SHALE’S WANING INFLUENCE

Shale’s waning influence is clear in North Dakota. Once the vanguard of the U.S. shale oil industry, poor well productivity in the state’s Bakken region and labor shortages have left it far from its boom days.

About 4% of its shale drilling inventory remains high producing, or Tier 1, locations, down from 9% at the start of 2020, according to production technology firm Novi Labs, which focuses on oil and gas well returns.

As the number of prime drilling locations decline across all shale fields, the outlook is grim. Shale production declines rapidly after peaking compared to conventional oil wells, falling about 50% after the first year.

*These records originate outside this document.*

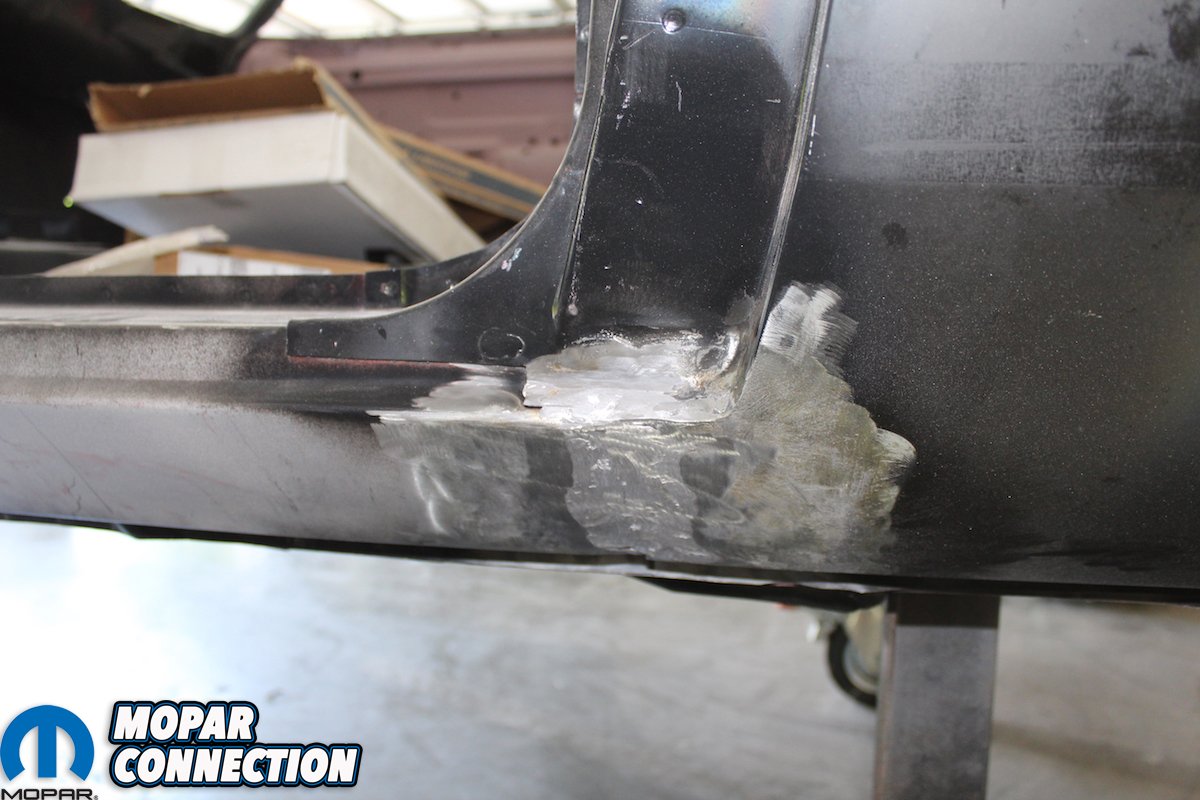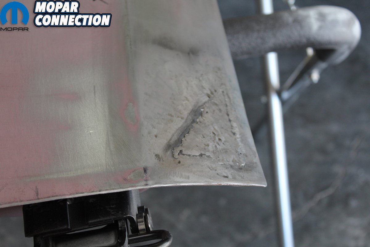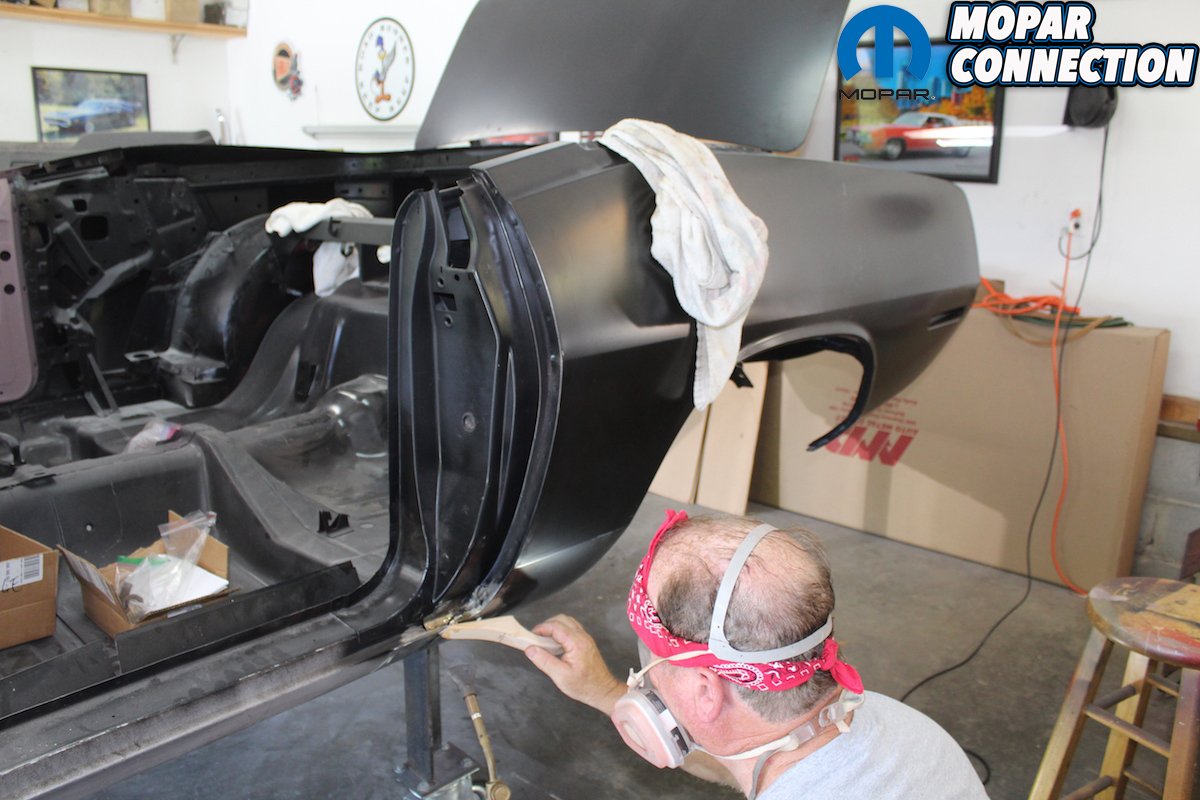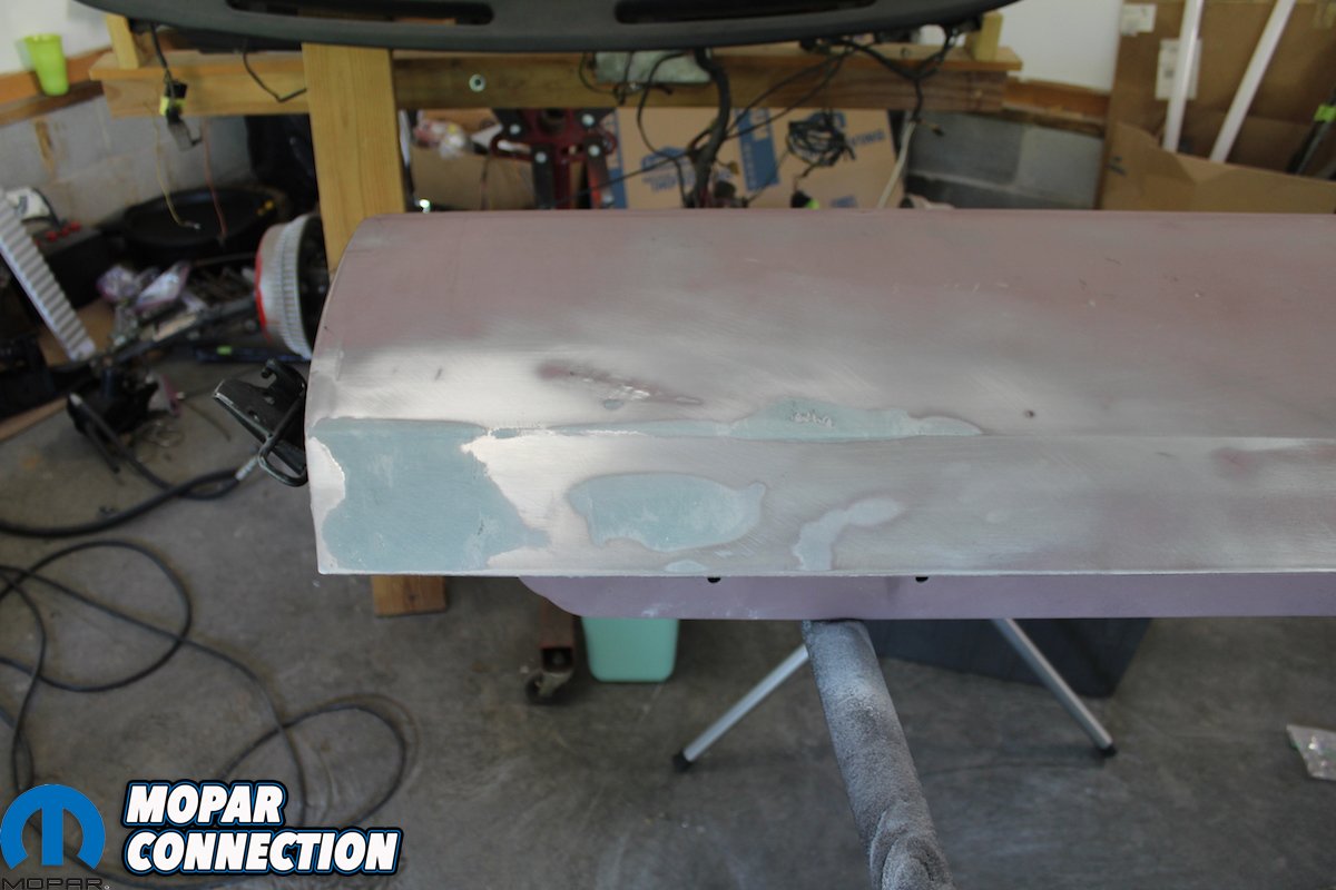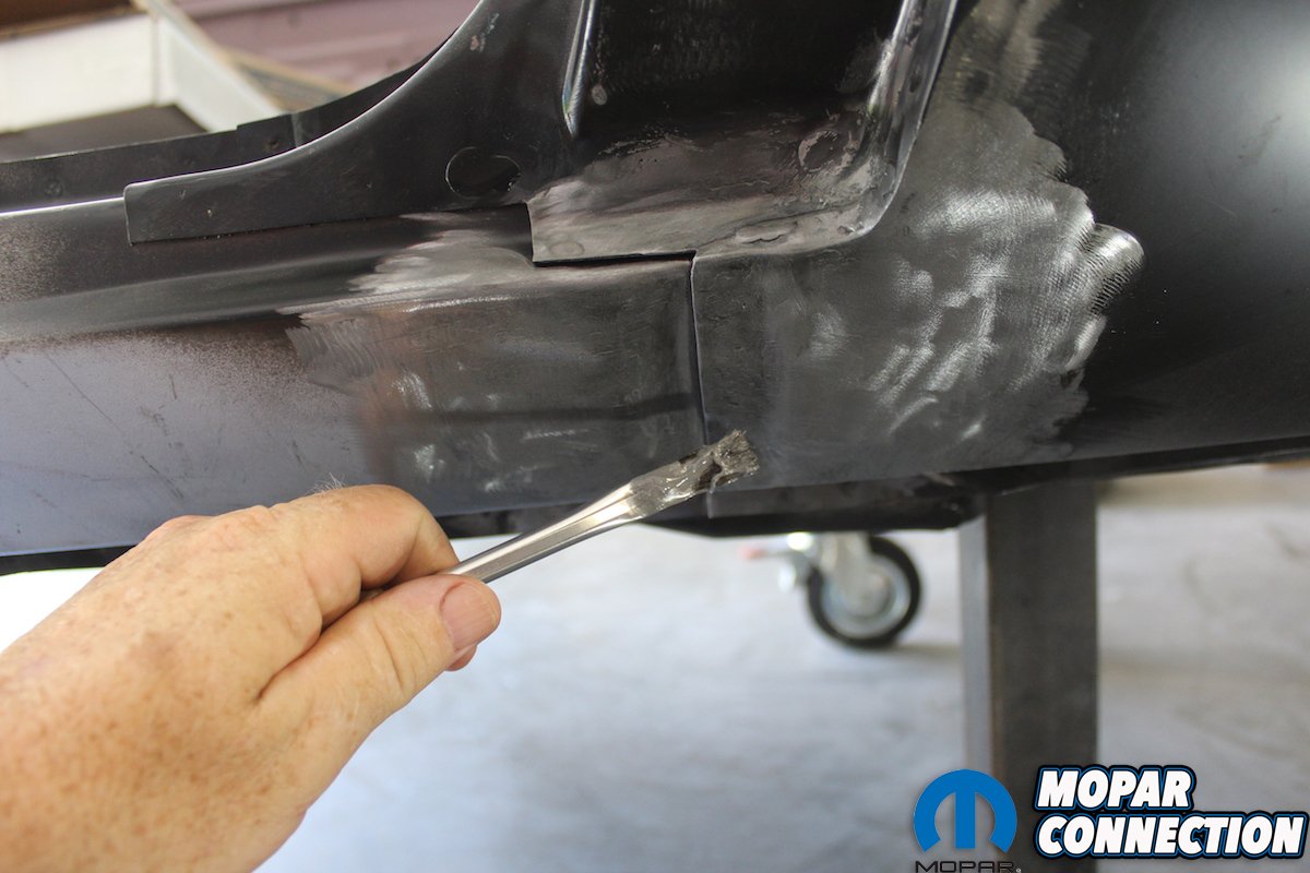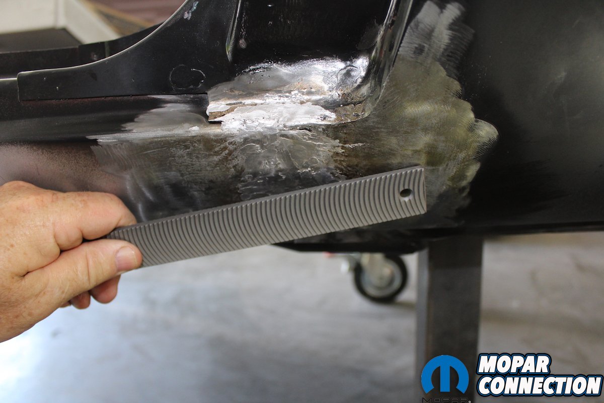 The lead will still be very rough so you use an English body file to shape the lead. File in one direction since that is the way the file is designed to work. After filing we used some fiberglass re-enforced filler to seal and smooth the seam. After sanding the filler you can then skim finish with plastic filler and primer. In all it will take some practice to be able to use the lead to fill the seam the same way the factory did! But it is well worth the time and not that expensive with the help of the good guys at Eastwood! Next step for the “Comeback ‘Cuda” is getting all the bodylines to match on the doors, fenders, hood, truck lid and valences.
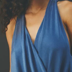 So sultry and versatile. this gorgeous staple features a billowy surplice-wrap bodice with a plunging v-neckline and femme pleating throughout for added shape.
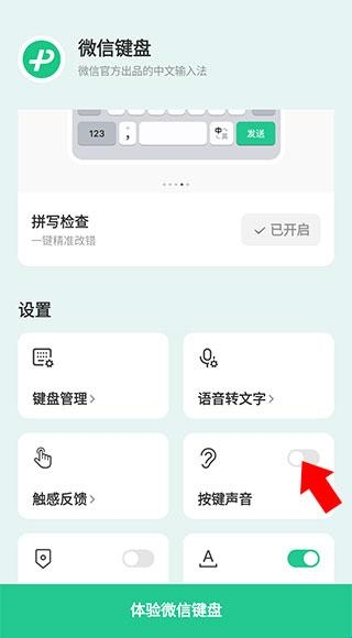 1、下载并打开微信输入法软件,调出微信输入法的输入界面,并点击键盘按键上方的绿色按钮
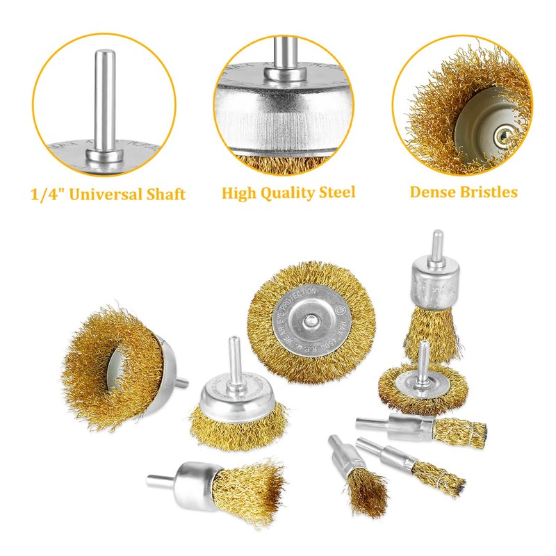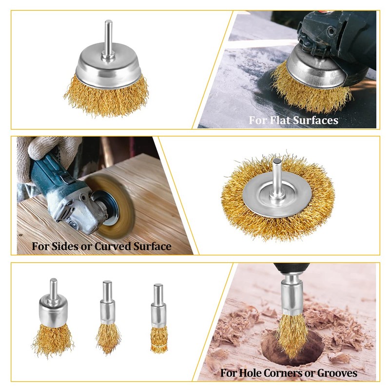 - 【Wide Application】The wire wheel brush set removes rust, paint, dust and burrs from surfaces such as metals and wood, and can also be used to level weld spatter.
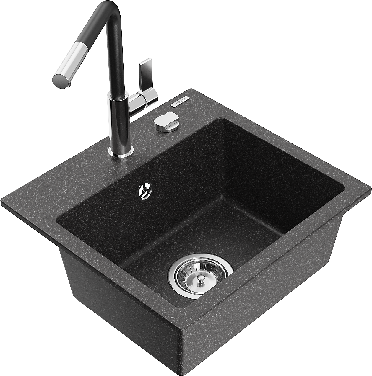 Mexen Milo évier en granit 1 cuve avec robinet de cuisine Flora, noir moucheté - 6505-76-670401-07
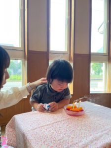 諦めないで全てのロウソクを吹き消せたね!そのたくましい気持ちで素敵な3歳を過ごしてね!
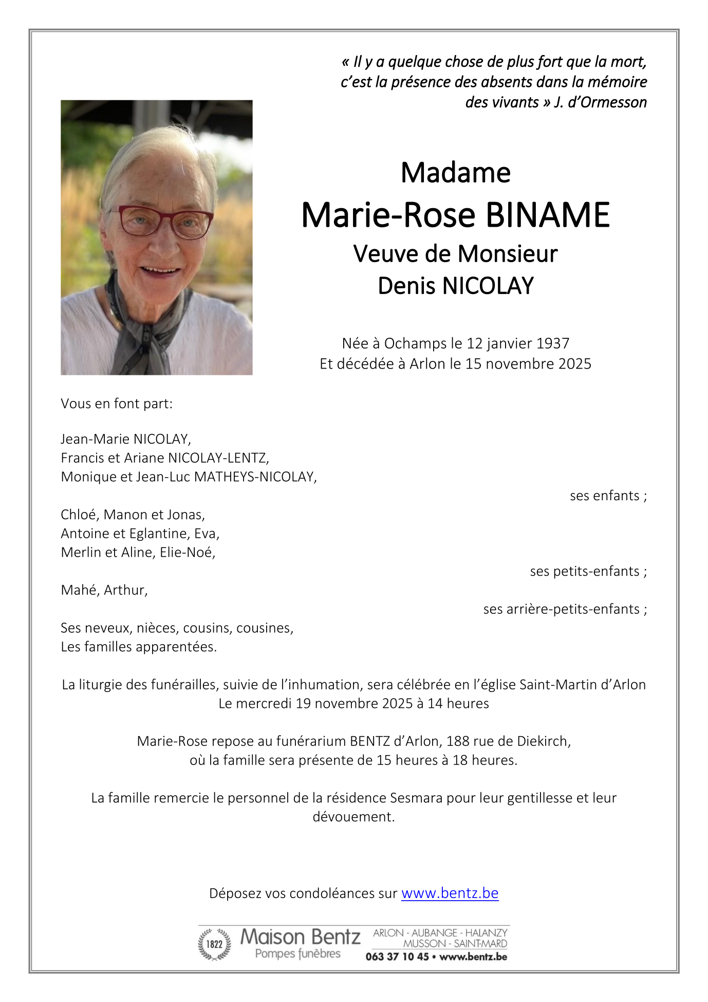 Décédée à Arlon (6700, Belgique) le samedi 15 novembre 2025 à l'âge de 88 ans
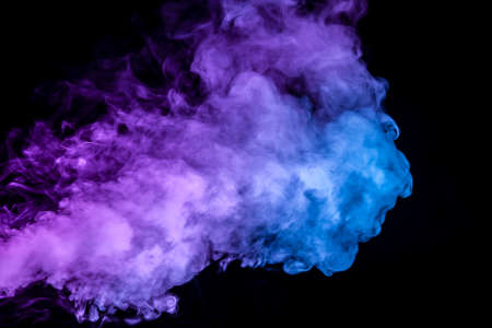 Clubs of colored smoke of blue and pink color on a black isolated background in the form of soft clouds from the vape

“It’s kind of a canary in the coal mine for what’s going to happen in the other unconventional oil plays,” said Ted Cross, director of product management Novi Labs and a former oil company geologist, referring to North Dakota.

The Permian Basin of west Texas and New Mexico, the largest and most important U.S. oilfield, is the only U.S. shale region to exceed its pre-COVID-19 pandemic oil production levels, according to U.S. Energy Information Administration data.

Even that field is showing signs of stress.

“There are a bunch of underlying causes, but frac sand is so expensive now, tight labor markets make last-mile logistics difficult, and public producers are generally more willing to miss on production than on capex,” said Matt Hagerty, a senior analyst for FactSet’s BTU Analytics.

Initial production rates on a new well in the Central Midland basin section of the Permian averages about 790 barrels per day of oil, according to researcher BTU, down from 830 bpd just six months ago. Its outlook for initial output in another shale field, the eastern Eagle Ford, is down to 778 bpd from 828 bpd.

PERSISTENT LABOR SHORTAGES

“We’re going to go into 2023 with a serious workforce shortage,” said North Dakota Department of Mineral Resources Director Lynn Helms. The northern state has historically had difficulty attracting workers, and the tight labor market has worsened the problem.

Attracting laborers for crews needed to run frac fleets and rigs has been stubbornly difficult, Helms said, adding that more drilling rigs have moved south to the Permian.

The number of oil and gas extraction workers in North Dakota fell by 12% between 2019 and 2021, the most recent annual Bureau of Labor Statistics data show, compared to New Mexico’s 9.6% drop.

Lower production rates are “a longer-term prospect,” said Mike Oestmann, chief executive of shale producer Tall City Exploration. Other issues depressing potential shale gains: a lack of regulatory clarity and the U.S. government’s desire to shift away from fossil fuels, he said.

With producers determined to put limited resources into the best drilling prospects, “we won’t be able to keep this up forever,” said Kaes Van’t Hof, finance chief at Diamondback Energy, in a recent earnings call.